レンジおでんに対する世論の反応は「食品ロス削減になるならよいのでは」「清潔で衛生面に配慮したおでんが買える」「これでおでんツンツンできないね」などレンジおでんを高く評価する人達が多い。
5年前のファミマでは絶対にあり得なかった施策を次々投入できるワケは、澤田社長の影響が大きい。彼は就任するとすぐに店員と同じ制服を着て店長研修を受け合格し、現場主義に徹した。表向きは「加盟店ファースト」を掲げているが、本音は「コンビニをぶっ壊す」「規則をぶっ壊す」「ルールをぶっ壊す」「常識を疑え」であり社内でも繰り返し吠えてきた。「検品は当たり前」「客層キーは当たり前」「黒髪は当たり前」など、数々の訳分からない規則やコンビニで従来当たり前とされてきた規則やルールの廃止を次々打ち出し加盟店の満足度を上げた。廃止当初は反対の声も多かったようであるが、数年経つと業務を減らして廃止するマインドが高まってきたように思う。客層キーを廃止する為に1年かけて説得し、「頭が切り換えられないなら部署を変われ」とまで発言したとされている。
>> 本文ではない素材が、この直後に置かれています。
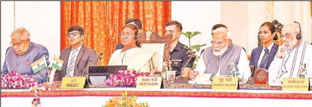
राष्ट्रपति भवन में राज्यपालों के सम्मेलन में शामिल राष्ट्रपति द्रौपदी मुर्मू, उपराष्ट्रपति जगदीप धनखड़, प्रधानमंत्री नरेंद्र मोदी और केंद्रीय मंत्री अमित शाह।

उन्होंने सम्मेलन में परस्पर सीख की भावना से व्यापक चर्चा करने के लिए राज्यपालों के सामूहिक प्रयासों की सराहना की। उन्होंने कहा कि राज्यपालों के विभिन्न समूह अपने कामकाज में सुधार के साथ जनकल्याण के लिए अपने विचार और सुझाव लेकर आए, और विश्वास व्यक्त किया कि इन सुझावों को लागू किया जाएगा। सम्मेलन का दूसरा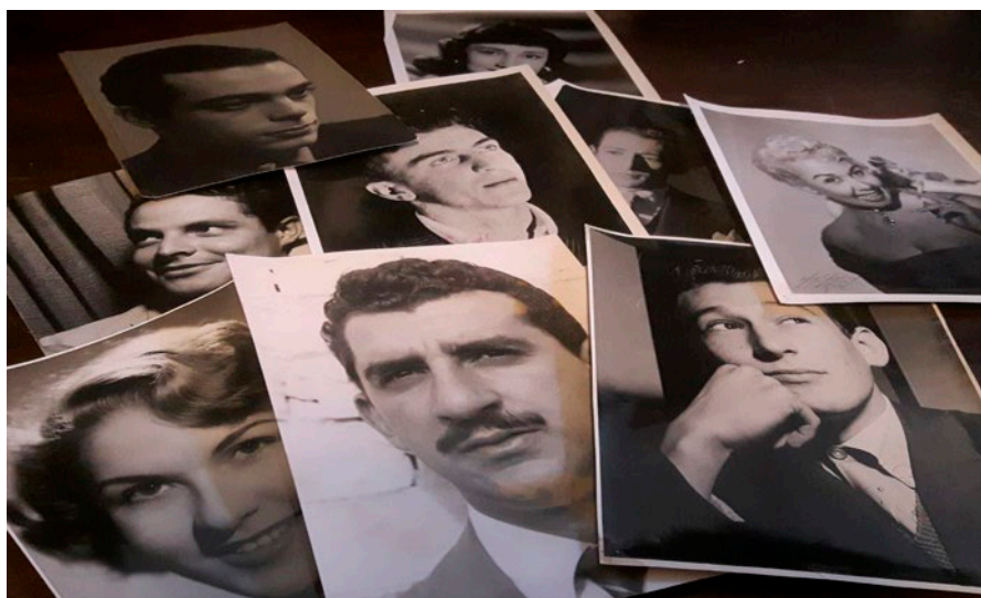
Eco dal passato (© Anna Dolfi).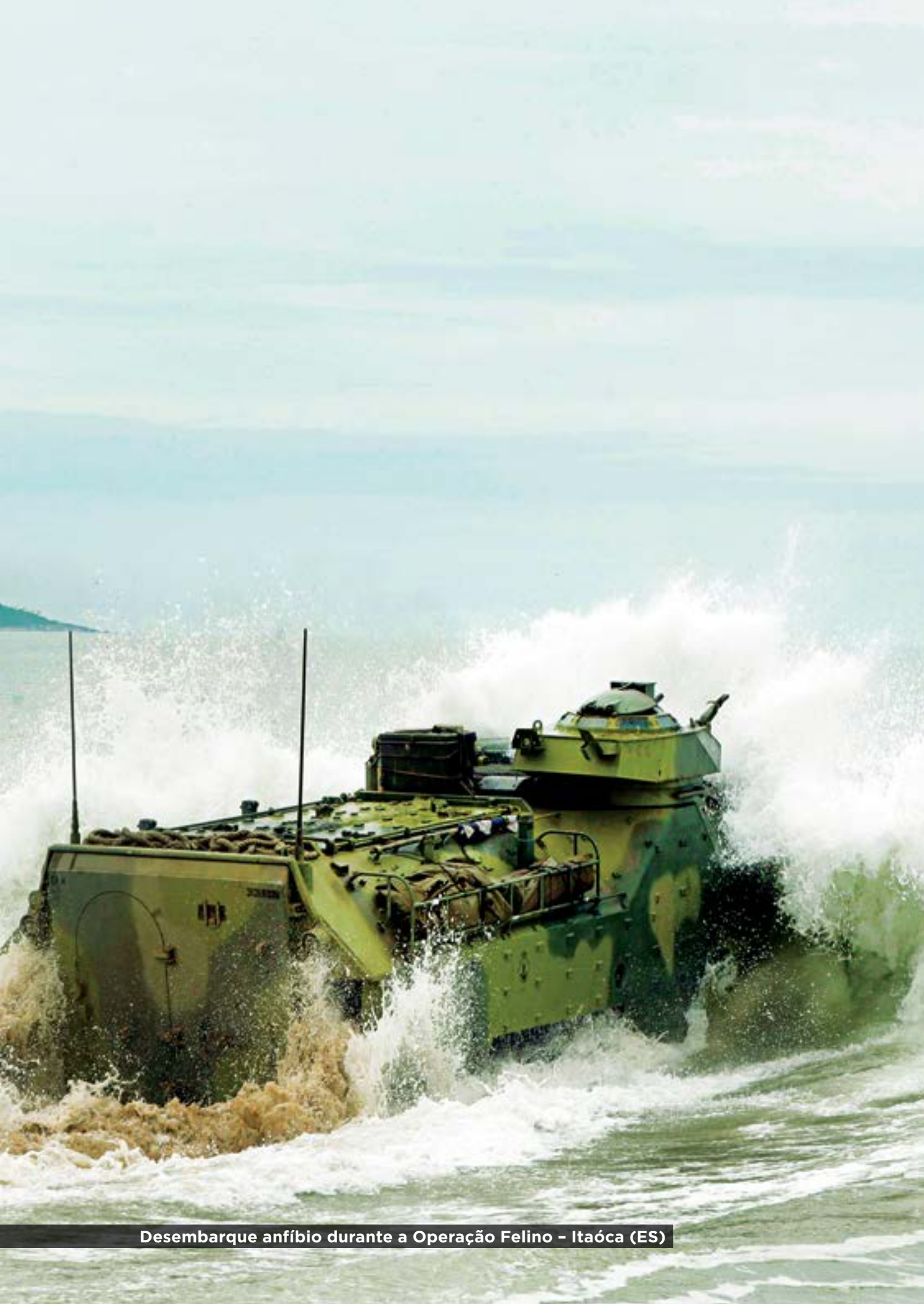
Desembarque anfíbio durante a Operação Felino – Itaóca (ES)

As organizações militares serão articuladas para conciliar o atendimento às hipóteses de emprego com a necessidade de otimizar os seus custos de manutenção e para proporcionar a realização do adestramento em ambientes operacionais específicos.

就任当初からコンビニ業界への危機感を抱いて対応に当たってきた訳であるので、東大阪の乱にも余裕で対処できた側面がある。
店員のオペレーション負担軽減のみならず、電気代削減、廃棄ロス、フードロス削減にもつながり環境に優しいレンジおでん。展開している店を探すのがなかなか大変であるが、興味のある人はぜひ食べてみてもらいたい。